▸ Assignment
Skip the pictures and repeat each line of the data exactly.

▸ Dataset content

#####

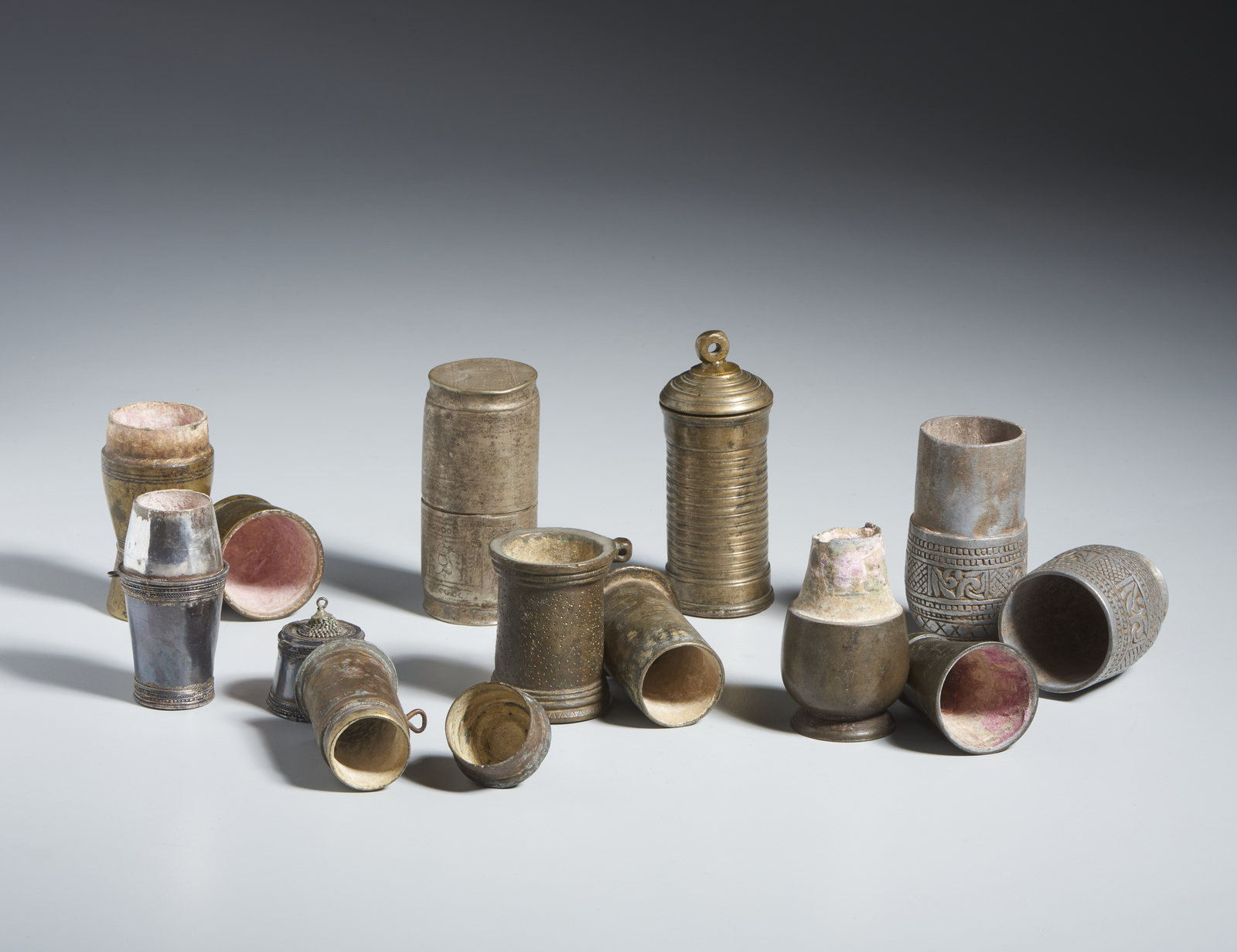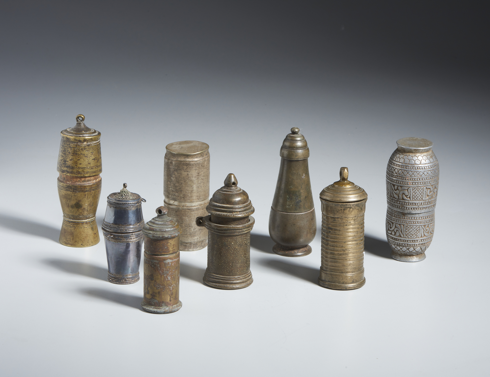 Arte Indiana - Gruppo di 8 contenitori per calce India, XIX-XX secolo .
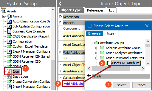 2. In the attribute dialog, browse to or search for the Asset URL Attribute, then click Select.
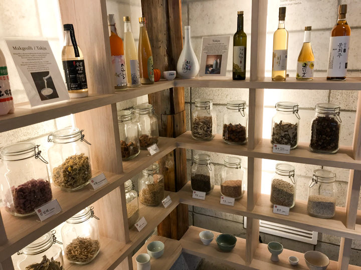 5種類試飲が終わった後に「何か気になったものや、好きなお酒はありますか?」と聞かれたので、迷わず「マッコリ!」と答えたら、もう1種類、マッコリを試飲させてくれました。今まで飲んだことがないくらい炭酸が強くて(でも炭酸を添加しているわけではなく、発酵によるものとのこと)、すっきりしていて美味しかったです。ついでに、女性に人気というワインも飲ませていただきました。デザートワインのようで、甘くておいしかったです。
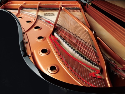 In order to produce the most rich, resonant tone, we’ve augmented the thickness of the back frame, which in essence is the foundation of the instrument. When playing strong fortissimo passages, the force exerted on the instrument causes it to bend slightly, losing energy. The back beam is the skeletal part of the piano that accepts this force and transforms it into deep, reverberant sound. On the C3X and above, this back beam is approximately 20% thicker than before, adding significant strength to the sound.

#####

▸ Exercise answer
 Arte Indiana - Gruppo di 8 contenitori per calce India, XIX-XX secolo .
 2. In the attribute dialog, browse to or search for the Asset URL Attribute, then click Select.
 5種類試飲が終わった後に「何か気になったものや、好きなお酒はありますか?」と聞かれたので、迷わず「マッコリ!」と答えたら、もう1種類、マッコリを試飲させてくれました。今まで飲んだことがないくらい炭酸が強くて(でも炭酸を添加しているわけではなく、発酵によるものとのこと)、すっきりしていて美味しかったです。ついでに、女性に人気というワインも飲ませていただきました。デザートワインのようで、甘くておいしかったです。
 In order to produce the most rich, resonant tone, we’ve augmented the thickness of the back frame, which in essence is the foundation of the instrument. When playing strong fortissimo passages, the force exerted on the instrument causes it to bend slightly, losing energy. The back beam is the skeletal part of the piano that accepts this force and transforms it into deep, reverberant sound. On the C3X and above, this back beam is approximately 20% thicker than before, adding significant strength to the sound.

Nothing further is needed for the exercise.